It’s Saturday afternoon in Brooklyn, and I am sitting by my living-room window attempting to sunbathe. I’m Skyping my older sister — she’s sitting in her moonlit apartment in Tel Aviv — and telling me about her potential wedding and desires to start a nuclear family of her own. Suddenly, she says, “I want two kids — a boy and a girl.”
This takes me by surprise and I go quiet. Her comment lingers in our separate rooms, and I am reminded of the counselor I once had in an American-Jewish summer camp who said, “Every time there is an awkward silence somewhere in the world, a queer baby is born.” If he was right, I wonder if that baby will come out of my sister. I hope that will finally get us out of the paradigm in which assuming, projecting, and determining what your child’s gender is before they are even born is a harmless, neutral, or natural act.

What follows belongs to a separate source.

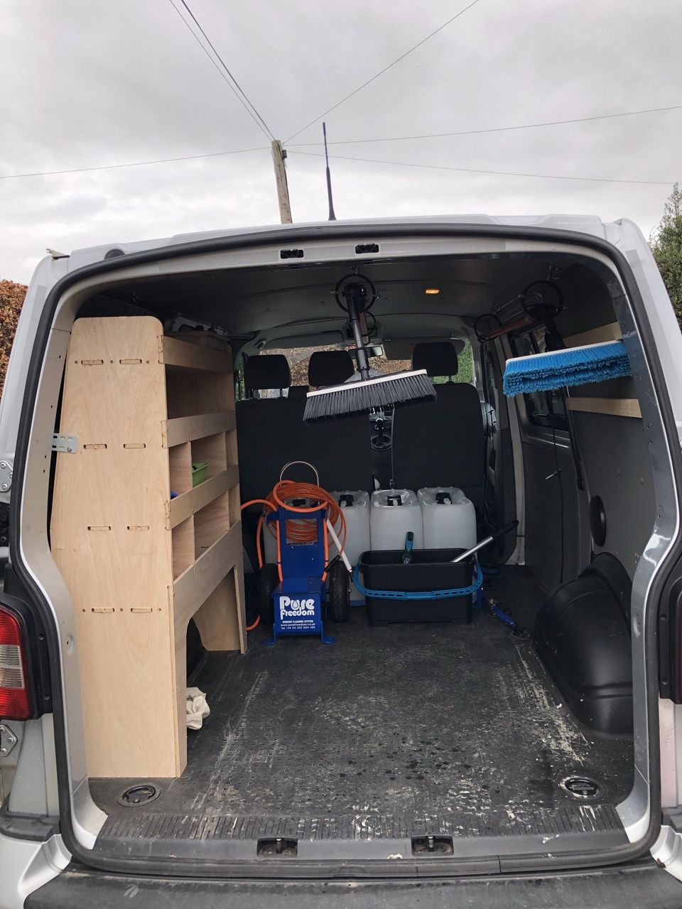 All kitted out and set up ready to start work on the first day of business. That’s two carbon-fibre water-fed poles, 21ft and an amazing 45ft reach, with brush heads attached. Great for reaching high windows and even solar panels and skylights on roofs. In the back of the van is my water trolley with a 100psi pump for getting the water right up to the heights of the pole system, and next to the trolley are eight 25litre water containers holding 100% pure water, produced in my home-based, DI resin filter system. The perfect system for producing great, streak-free, crystal-clear windows!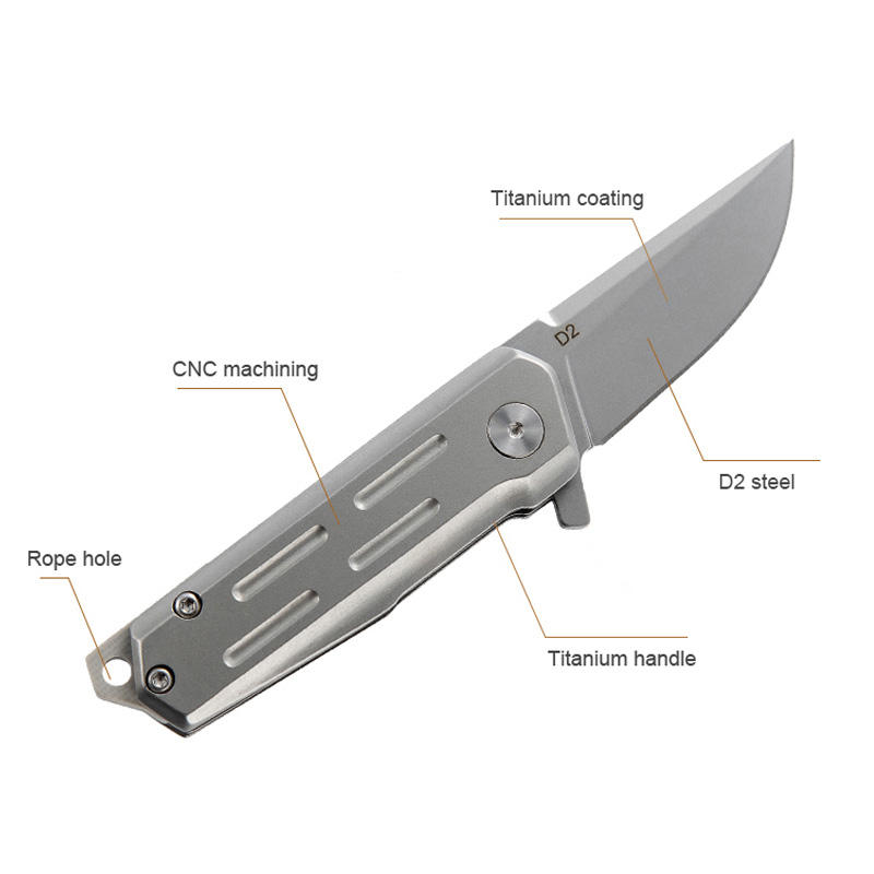 High quality D2 Blade small knife for outdoor camping survival hunting self-defense Titanium handle folding knife

After all, my sister was an invaluable witness to what it was like for me to be brought up as a boy — experiencing deep dysphoria and estrangement from my body; overcoming an intense amount of trauma from the toxic masculinity and Zionism of our surroundings; holding on to secrets and lies; mistakenly coming out as a gay boy; and eventually moving to New York, where I built and then had to take apart a huge part of my life in order to articulate my transfemininity on my own terms.
My sister knows that the decision our family, medical system, and society made about my body before I ever had a say about it was no small challenge to overcome. And yet after witnessing that experience, and experiencing the intense expectations she herself had to face as a cis girl, there is still this societal fantasy: “I want a boy and a girl.”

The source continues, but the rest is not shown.